Arborist urges Toronto residents to call city about dying trees

June 21, 2016

By: CBC News

A Toronto arborist is urging members of the public to call the city if they see a tree in a poor health that could pose to a risk to any park visitors, after a man in his 30s was killed by a falling branch Friday in Trinity Bellwoods Park.

Amy Turner said Monday that members of the public should call 311 if they have concerns.

“The users are the ones who have a keen eye and who are there,” she told CBC News. “Obviously, they are not trained experts, but if you do happen to notice something that does concern you, you should absolutely make a call.”

Turner said the city responds to calls made to 311. According to the statement released by the city on the weekend, urban forestry staff responded to more than 160 service requests, performed more than 120 inspections and carried out more than 240 work orders relating to trees in Trinity Bellwoods Park in the past 10 years.

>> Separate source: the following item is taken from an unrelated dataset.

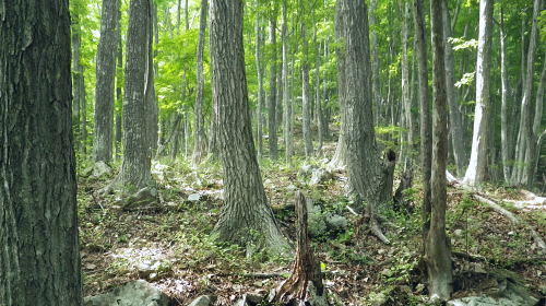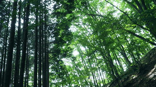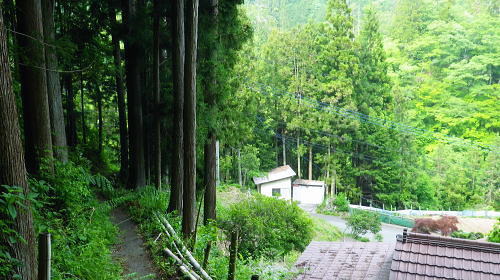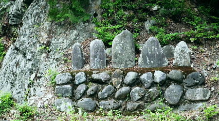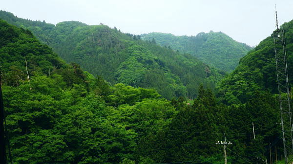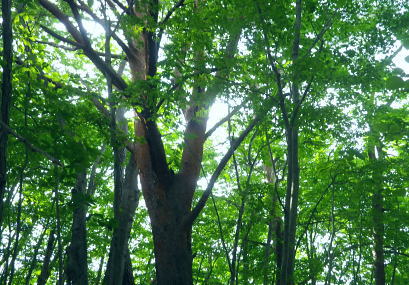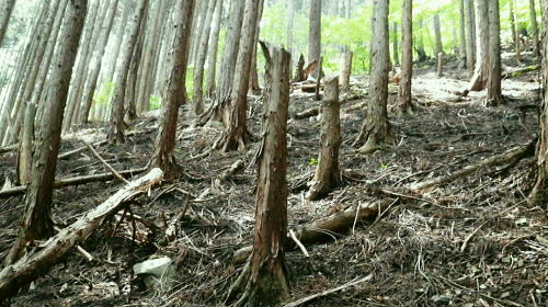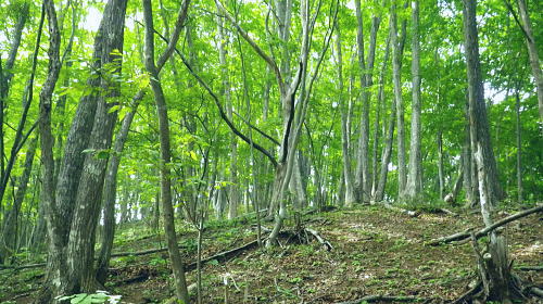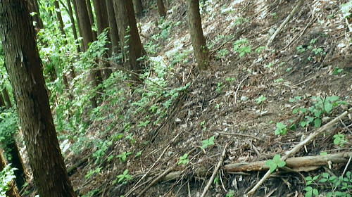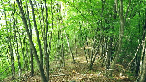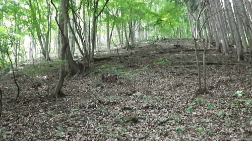 | 猛暑の藪ルート.汗滴る藪山 尾名手川左岸道を諦め尾名手尾根1098mコブに逃れ.尾根筋を阿寺沢へ下る。阿寺沢入口バス停と県道擁壁新設工事現場 初戸bs.腰掛林道から藪ルートの左岸の尾名手峠道へ 尾名手尾根.1098m圏コブ南尾根から平野田へ中退.少し高みを探り迷う。・・阿寺沢入口bsに回り込む。完了した阿寺沢バス停前の擁壁工事V 13:26尾名手尾根1098mコブ南尾根から阿寺沢 12:37竹林一13:26綺麗に手入れされた植林帯一13:34下草生える植林帯一13:50自然林帯一14:15(1098m圏コブ):41.大 一15:12尾根分岐一15:29腰掛林道一15:31阿寺沢橋一15:48阿寺沢入口bs. 竹林を抜けると踏み跡は怪しくなり.灌木や藪を潜るようなる。やや登り気味に先を探って.先が分からなくなる。 ここだけは水平に先を見定めるよう気を配った方がよかったようだ。 尾名手尾根1098mコブ南尾根 884m・・13:26 915m・・13:34中退 探索をするうち高度を上げ過ぎていた。時間を使い過ぎ.更に時期的な急な暑さに体が追い付かずバテ始めている。 今回は峠越えは2次的なもので.青葉を求め.地形図で想像した廃屋と比べることを主に考え入山していた。 再び峠道を探し河原に向かい下るか? それとも明るいうちに下るか? 阿寺沢に下ると最終バスは4時28分発になる。 汗を吸収するタオルは汗を掻き続けているにも拘らず.乾きゴワゴワになりだしていた。それほど暑さは強く気は参りだしている。 焦燥したような雰囲気でもないが更に探る意欲を失い.暑さも加わり諦めだしていた。 又来た径を戻るのは詰らないと尾名手尾根にルートを取った。 南尾根を200mほど詰めれば尾名手尾根1098mコブにでる。中半山腹は植林帯.それほど時間は掛からぬだろう。 尾名手尾根1098mコブ南尾根 諦めた地点,.3:40 尾名手尾根の右山腹は植林帯に 左側は林層の境1098mコフ南尾根を詰め北上する。 植林帯から素直に殆ど同じ傾斜で延びる南尾根。低地は倒木混ざりの植林帯。やや傾斜が増し地表は雑草にと小枝混じりの根土になる。 登りだして直ぐ植林が切れ.自然林に変わっている。大きな障害物もなくなり.落葉に枯れた大枝.小石混ざりで.踏み跡はないが歩き易い。 周りを臨むと程なく左手は林層の境を迎え.自然林に。右手は更に檜林が密生し重なり合い.整然と高木林が天高く伸びている。 その間の斜面を一歩.一歩踏み締めて高度を稼いで行く。 喬木帯974m.13:501098mコブ手前の尾根筋 灌木帯1059m.14:07蜘蛛 途中で70pほどの大きさの蛇が足元を横切る。種類は分からぬが前回丹沢で見たのと同類で.比べればやや小さく思えた。 そう云えば今年は蜘蛛の巣に掛かる機会が少ない。前半は誰も歩まぬ藪の作業道をトラバースしてきたが.そこでも何度かだけだった。 蜘蛛の仲間には夜間だけ網を張るものがいるそうだ。夕方に網を張り.明け方には片付けてしまう。 この時網を張る手順のほぼ逆の手順で.規則正しく蜘蛛は網を片付けている。その種の蜘蛛ばかりいるとは思えぬが。 何か条件があるのだろう? 蜘蛛の巣が群がる尾根をよく歩んでいる。その場を抜けるのが大変だった。 それに比べ今回のルートは余りにもすっきりし過ぎている。 灌木帯の中を歩み傾斜が落ちだすと尾根のツメが見上げられ.更に樹間を通し蒼空を覗むようなる」。 右奥には更にコブの頭らしき起伏の頂点があるようだ。傾斜が落ち付くと.びっしり詰まる落葉松帯に囲まれた。 距離は短いが抜けるとブナが現れ.尾名手尾根に乗る。 右奥がやや高みの1098mコブにでた。溢れる陽光が若葉の樹葉を透し.若草色に輝く淡色のカーテンに引き占められる。 尾名手尾根1098mコブ 14:15大休止1098m.14:41広い大地のコブに立ち.改めてゆっくり昼食を摂る。 蜘蛛に変わり頂では蠅が多い。蠅が何匹もまとわり付き煩かった。手で払っても.その手前から回り込まれまとわり付く。 蠅除けに煙草を吸うと蠅の群は遠ざかる。それを見て落葉を払いのけ.煙草を風上に立て.紫煙が流れ込むようにした。 群は私の周りから少し離れ.如何にか食にあり付けた。ただ残る1匹の小さな蠅が煩く.払っては戻ることを繰り返す。 尾名手尾根を下る 坦々下る.14:43下山は思いの外早かった。先が読め,腕を大振りして自然の歩みに任せている。前回は権現山稜から走り下っている。 最終バスと時間を競っていた。乗れなければ大変なことになる。ただどうしようもない状態になると意が通じるのか走れるものである。 バス停手前の鶴川の登り200mほどが一番苦しかった。 15:00赤松.落葉松.ブナの巨樹 尾根末端上750mの分岐 阿寺沢と腰掛との分岐.15:12尾根上の分岐.右前方の小尾根の取付きには赤字の×の印がある。下れば入山時.別れた尾名手沢左岸の踏み跡と合流し腰掛の集落に戻る。 左(北)側に入る尾根の取付きには2本の小木立に赤.ピンクに黄色のテープが幹に幾つも巻かれ.目立つマーキングだった。 そこを下ればテレビアンテナを見て.平野田の畑を抜け.阿寺沢の集落に下りている。 平野田休暇村.15:28右下は腰掛林道 平野田への尾根末端で直進せず右寄りに下りてみた。

Turner said ideally the city would inspect trees by climbing them to get a closer look at any deterioration, but acknowledged the cost of doing so would be prohibitive.

“There’s a limit to what you can assess at ground level. The next stage in tree assessment would be to climb, which would be more expensive. They wouldn’t be able to do a climbing assessment of this whole park at a reasonable cost.”

At a glance, Turner said there are trees at Trinity Bellwoods Park in need of care. But unless a tree has physical symptoms of damage, such as dead wood at the top of a tree, she said it’s tough to tell if it could pose a safety risk.

“A tree can be in decline and can die without branches falling off on people. That’s quite typical.”

The tree that lost the branch was last inspected in November 2014. It was determined to be healthy, but the branch that fell is being analyzed by city staff.

Turner said high volumes of people in a park mean there is obviously more of a risk if branches fall. “This park is heavily used. You walk through Bellwoods and there are people everywhere,” she said.

And she said trees in urban settings suffer more than in the forest due to a number of factors, such as lack of water from drought conditions, construction projects and pedestrians repeatedly walking on their roots.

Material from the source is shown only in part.